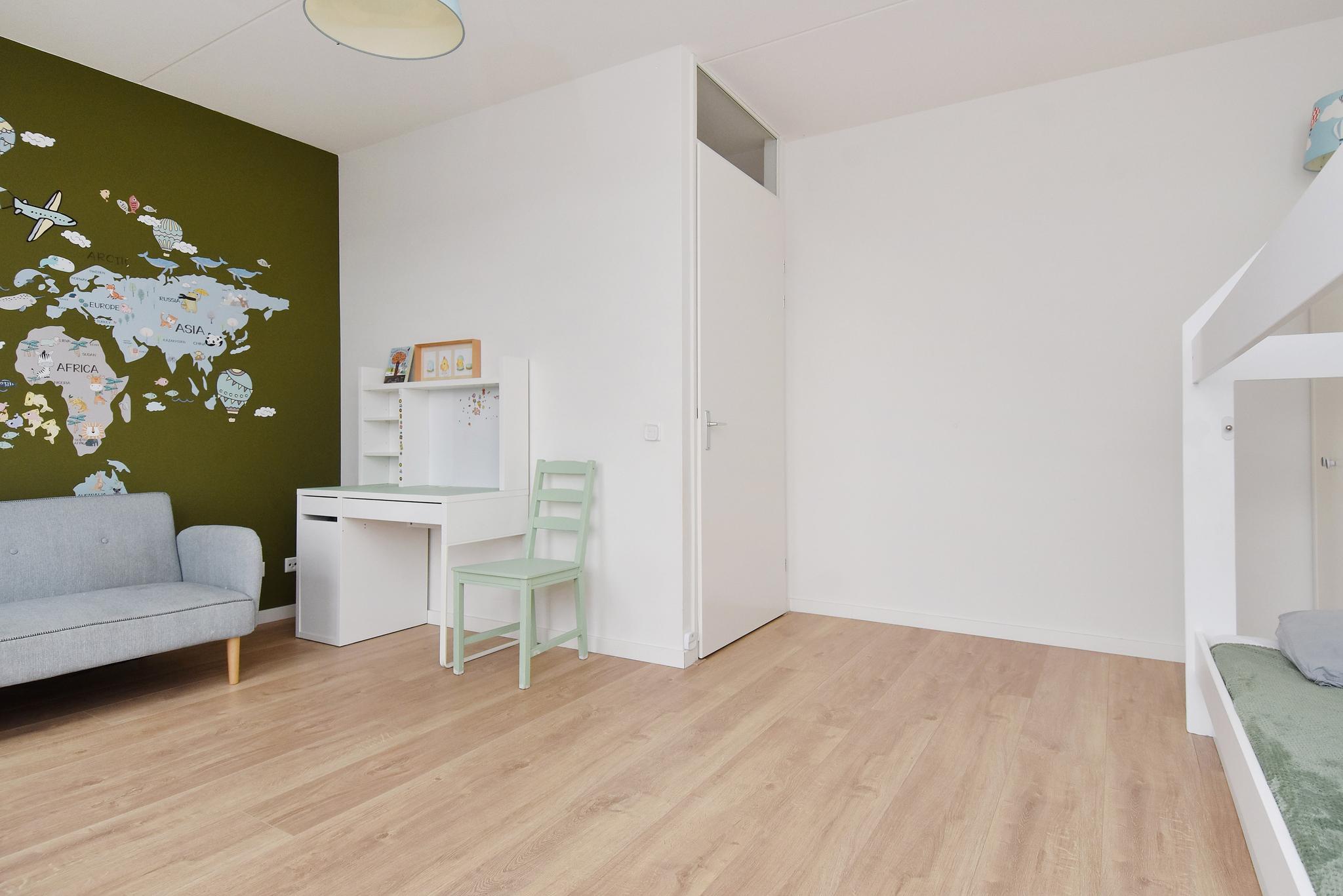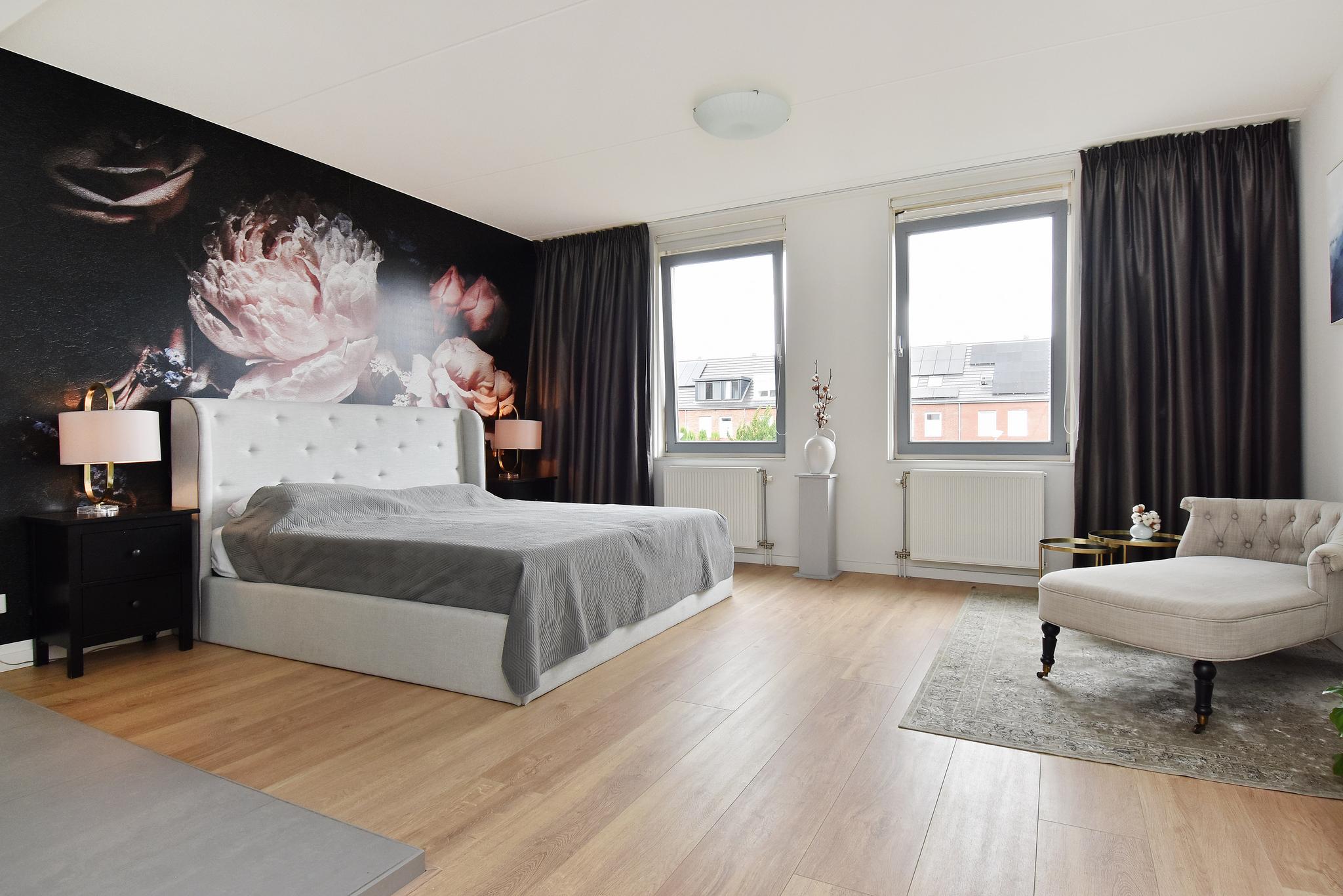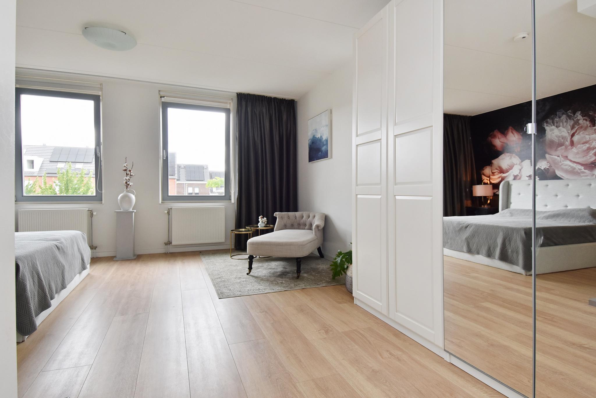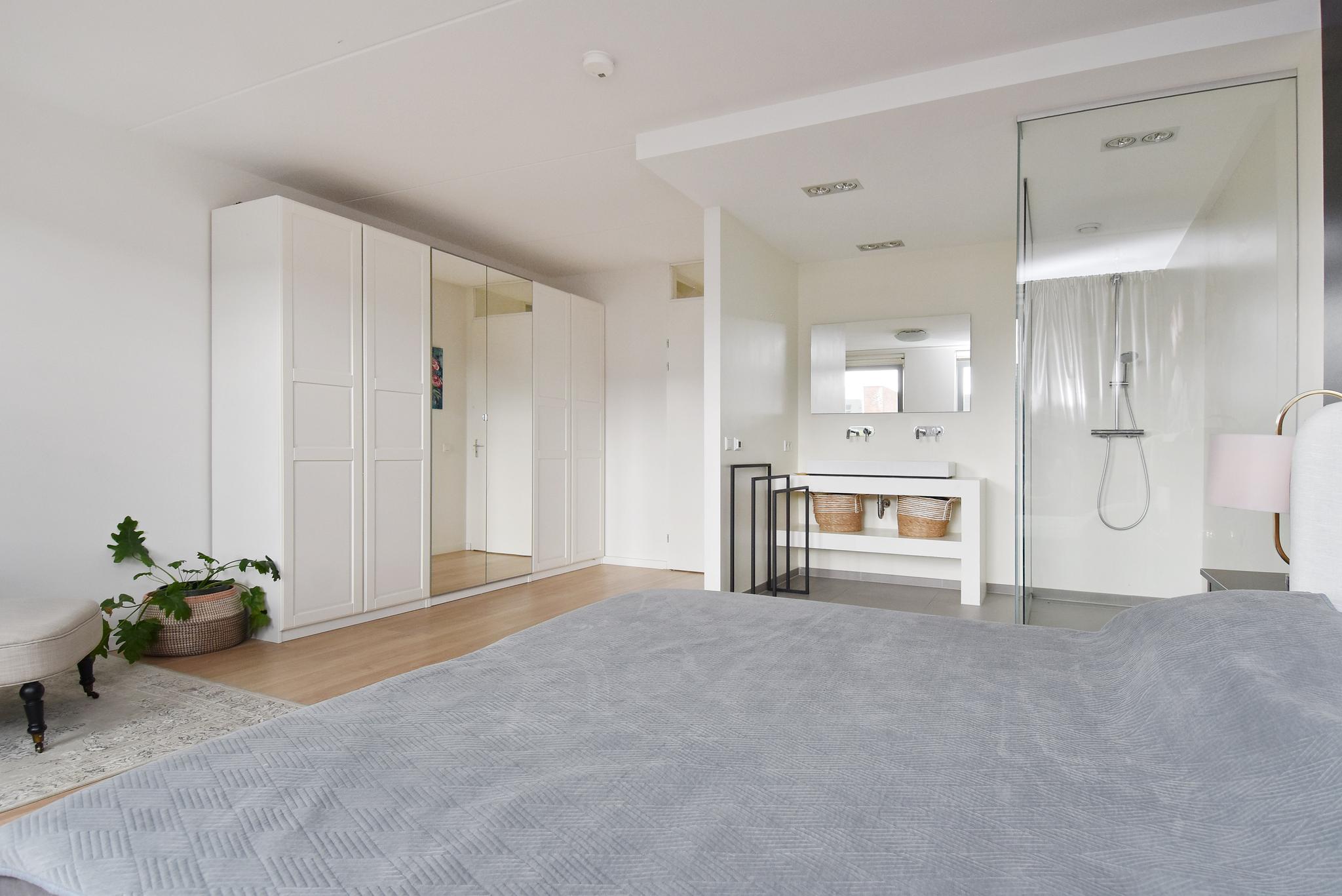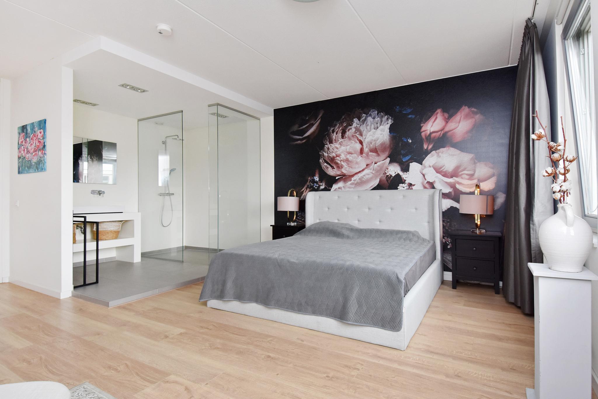 De slaapkamer aan de achterzijde is zeer royaal te noemen, deze is vanuit de bouw uitgebouwd. Ideaal is de moderne en-suite badkamer met een fijne inloopdouche, wastafel en vloerverwarming.
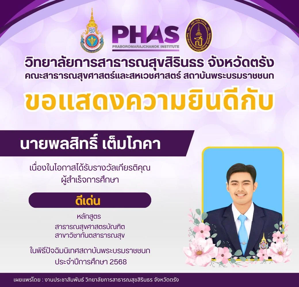 นักศึกษา ขอแสดงความยินดีกับ นางสาวณิชากานต์ เวชสิทธิ์ เนื่องในโอกาสได้รับรางวัลเกียรติคุณ ผู้สำเร็จการศึกษา ดีเด่น หลักสูตร สาธารณสุขศาสตรมหาบัณฑิต ในพิธีปัจฉิมนิเทศสถาบันพระบรมราชชนก ประจำปีการศึกษา 2568 อ่านต่อ » กุมภาพันธ์ 19, 2026
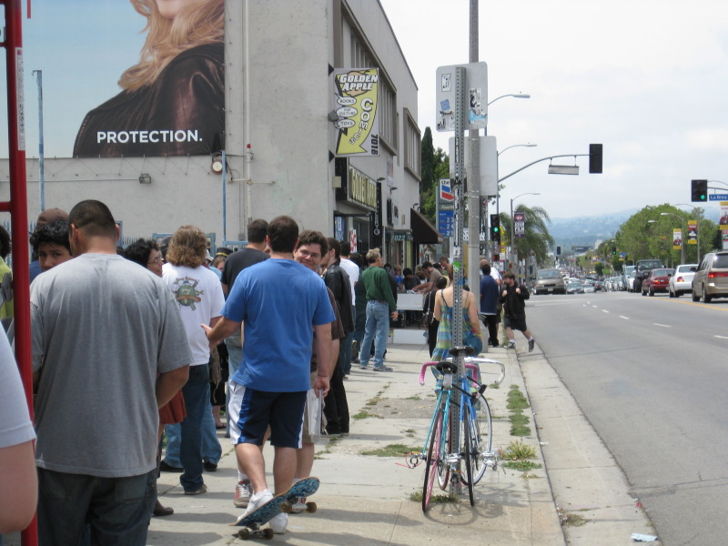 First off was Golden Apple in Melrose, Hollywood’s Comic Store to the stars. Although the store brought in a myriad of comic creators such as Marc Andreyko and Kevin Eastman, the star of the day was William Shatner. The line outside went around the block and people continued to trickle in after the event had started.
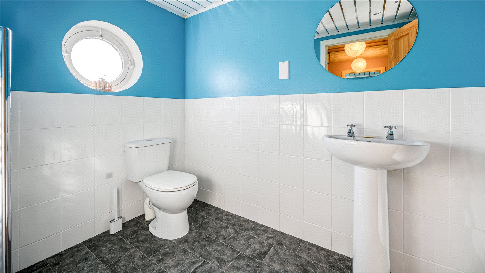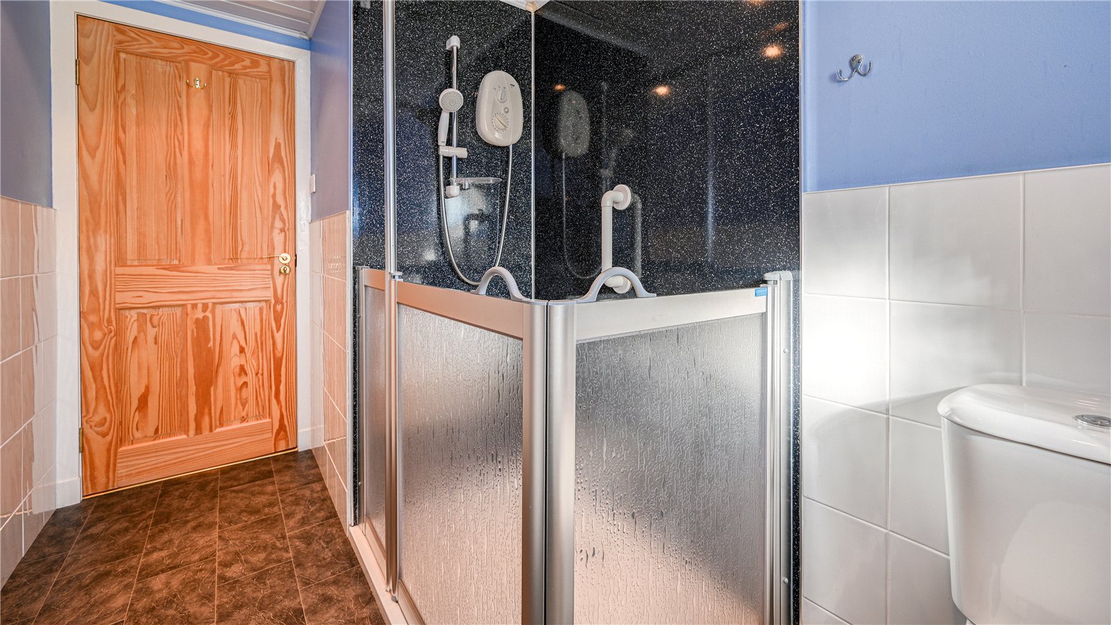The main shower room sits off the hall and has a WC and wash hand basin in white and a shower area with wet wall panelling around in electric shower over. The shower room is tiled to half hight.
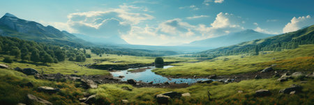 Panoramic view of mountain lake in the highlands of Scotland
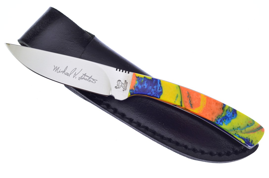 Here is a custom Prater piece you won't want to miss! This Hen & Rooster skinner measures 7 1/4" overall and has German still throughout with full tang construction. The blade has a signature etch and the handle has been customized with the signature feather macaw material. We are including a certificate of authenticity with every custom purchase! Get yours before it sells out!
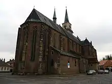 The temple is an example of brick Gothic architecture, except of a few parts which are made from sandstone. Its thin tower reaches 66 metres (217 ft) and together with mediaeval ramparts creates a characteristic silhouette of the town. The dean's church was initially dedicated to Saint Nicholas, during the Thirty Years' War the dedication changed to Saint Giles. The church is a cultural monument of the Czech Republic.
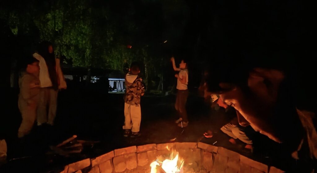 夜はアシュゲストハウスで、温かい夕食とキャンプファイヤーを楽しみましょう。

_EXERCISE PROMPT_. Reproduce the data verbatim and omit each image.

_TASK ANSWER_.
 De slaapkamer aan de achterzijde is zeer royaal te noemen, deze is vanuit de bouw uitgebouwd. Ideaal is de moderne en-suite badkamer met een fijne inloopdouche, wastafel en vloerverwarming.
 นักศึกษา ขอแสดงความยินดีกับ นางสาวณิชากานต์ เวชสิทธิ์ เนื่องในโอกาสได้รับรางวัลเกียรติคุณ ผู้สำเร็จการศึกษา ดีเด่น หลักสูตร สาธารณสุขศาสตรมหาบัณฑิต ในพิธีปัจฉิมนิเทศสถาบันพระบรมราชชนก ประจำปีการศึกษา 2568 อ่านต่อ » กุมภาพันธ์ 19, 2026
 First off was Golden Apple in Melrose, Hollywood’s Comic Store to the stars. Although the store brought in a myriad of comic creators such as Marc Andreyko and Kevin Eastman, the star of the day was William Shatner. The line outside went around the block and people continued to trickle in after the event had started.
The main shower room sits off the hall and has a WC and wash hand basin in white and a shower area with wet wall panelling around in electric shower over. The shower room is tiled to half hight.
 Panoramic view of mountain lake in the highlands of Scotland
 Here is a custom Prater piece you won't want to miss! This Hen & Rooster skinner measures 7 1/4" overall and has German still throughout with full tang construction. The blade has a signature etch and the handle has been customized with the signature feather macaw material. We are including a certificate of authenticity with every custom purchase! Get yours before it sells out!
 The temple is an example of brick Gothic architecture, except of a few parts which are made from sandstone. Its thin tower reaches 66 metres (217 ft) and together with mediaeval ramparts creates a characteristic silhouette of the town. The dean's church was initially dedicated to Saint Nicholas, during the Thirty Years' War the dedication changed to Saint Giles. The church is a cultural monument of the Czech Republic.
 夜はアシュゲストハウスで、温かい夕食とキャンプファイヤーを楽しみましょう。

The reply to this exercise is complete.